- Exercise details -
What you output must be the exact lines from the first line of the data through the one holding "1K | 洋室 6.1畳 | 21.46㎡ |", with no pictures.

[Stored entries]
┌──
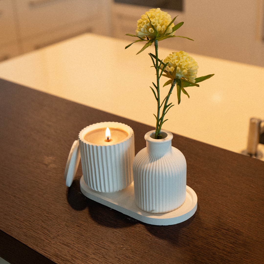 Unsere Kerzen werden aus 100 % natürlichem Bio-Sojawachs handgefertigt. Wir verwenden ausschliesslich erstklassige Materialien, die für Langlebigkeit und luxuriöse Qualität stehen, sowie hochwertige Baumwolldochte für ein sauberes und gleichmäßiges Abbrennen.
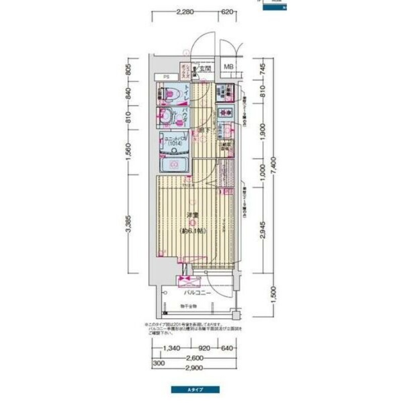 1K | 洋室 6.1畳 | 21.46㎡ |
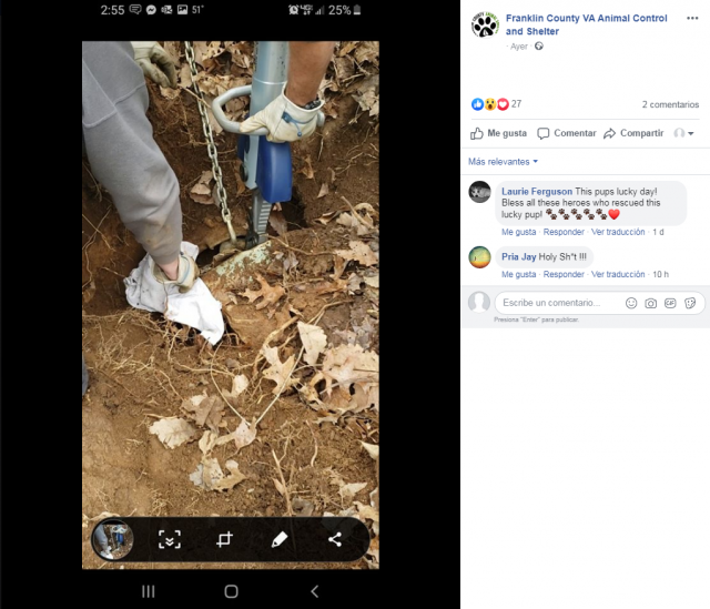 Una protectora de animales del estado de Virginia (EEUU) rescató a un perro atrapado en el interior de un coche enterrado bajo tierra en una propiedad privada del condado de Franklin.
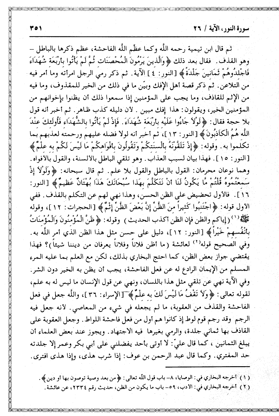 ثم قال ابن تيمية رحمه الله وكما عظّم الله الفاحشة، عظم ذكرها بالباطل- وهو القذف. فقال بعد ذلك وَالَّذِينَ يَرْمُونَ الْمُحْصَناتِ ثُمَّ لَمْ يَأْتُوا بِأَرْبَعَةِ شُهَداءَ فَاجْلِدُوهُمْ ثَمانِينَ جَلْدَةً [النور: 4] الآية. ثم ذكر رمي الرجل امرأته وما أمر فيه من التلاعن. ثم ذكر قصة أهل الإفك وبيّن ما في ذلك من الخير للمقذوف، وما فيه من الإثم للقاذف، وما يجب على المؤمنين إذا سمعوا ذلك أن يظنوا بإخوانهم من المؤمنين الخير، ويقولون: هذا إفك مبين. لأن دليله كذب ظاهر. ثم أخبر أنه قول بلا حجة فقال: لَوْلا جاؤُ عَلَيْهِ بِأَرْبَعَةِ شُهَداءَ. فَإِذْ لَمْ يَأْتُوا بِالشُّهَداءِ فَأُولئِكَ عِنْدَ اللَّهِ هُمُ الْكاذِبُونَ [النور: 13] ، ثم أخبر أنه لولا فضله عليهم ورحمته لعذبهم بما تكلموا به. وقوله: إِذْ تَلَقَّوْنَهُ بِأَلْسِنَتِكُمْ وَتَقُولُونَ بِأَفْواهِكُمْ ما لَيْسَ لَكُمْ بِهِ عِلْمٌ [النور: 15] . فهذا بيان لسبب العذاب. وهو تلقي الباطل بالألسنة، والقول بالأفواه.
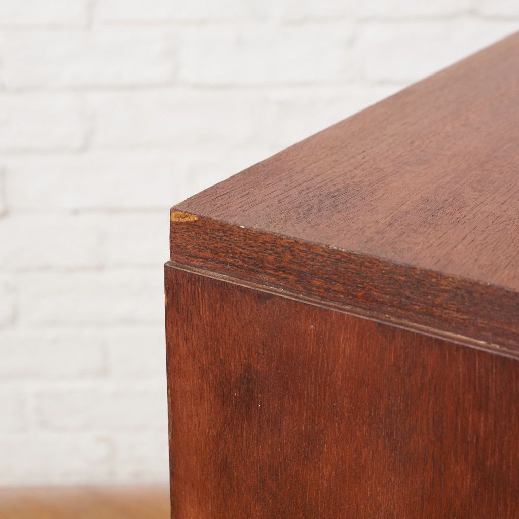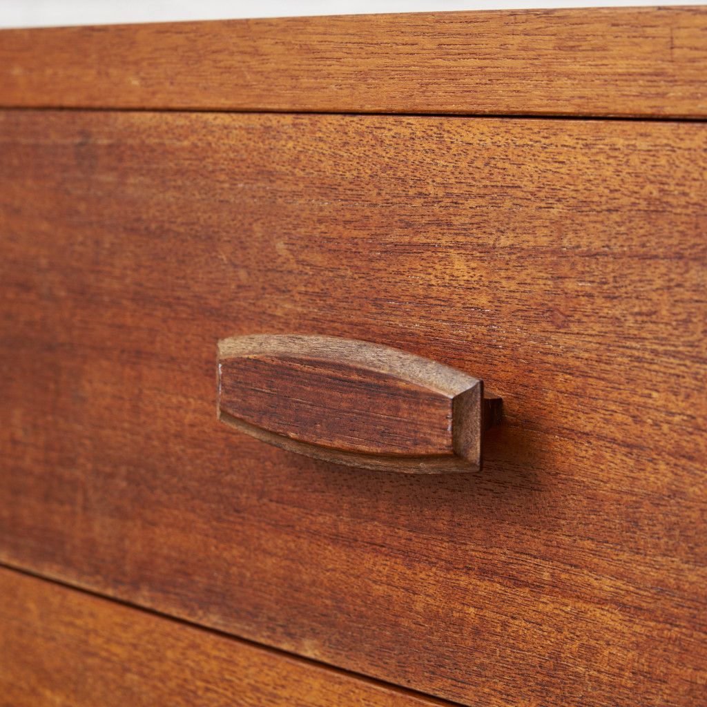 フランスのスクエア(四角)になって踊る古典舞踊、Quadrilleの名前を冠する1965年発表のG-PLAN Quadrilleシリーズ。Frescoシリーズと同じく60年代のデンマークデザインを源泉にもち、美しい褐色のチーク材を使用。四方を面取りされた樽型取手、内側に緩やかな弧を描き外形を四角に組まれた美しい形状の脚が特徴です。
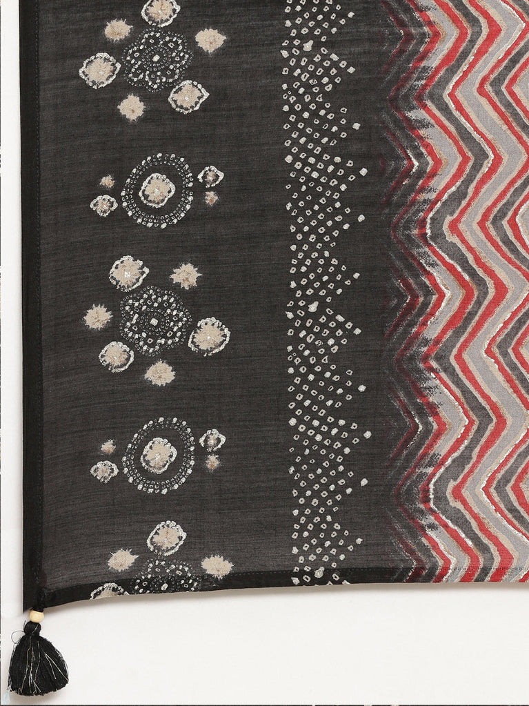 Neeru's Black Regular Straight Printed Readymade Suit An Ensemble Fit For A Queen Look Divinely Chic In This Colorblock Combo, Complete With Chic Trousers And A Dupatta For An Extra Dose Of Sophistication.
└──
- Exercise result -
 Unsere Kerzen werden aus 100 % natürlichem Bio-Sojawachs handgefertigt. Wir verwenden ausschliesslich erstklassige Materialien, die für Langlebigkeit und luxuriöse Qualität stehen, sowie hochwertige Baumwolldochte für ein sauberes und gleichmäßiges Abbrennen.
 1K | 洋室 6.1畳 | 21.46㎡ |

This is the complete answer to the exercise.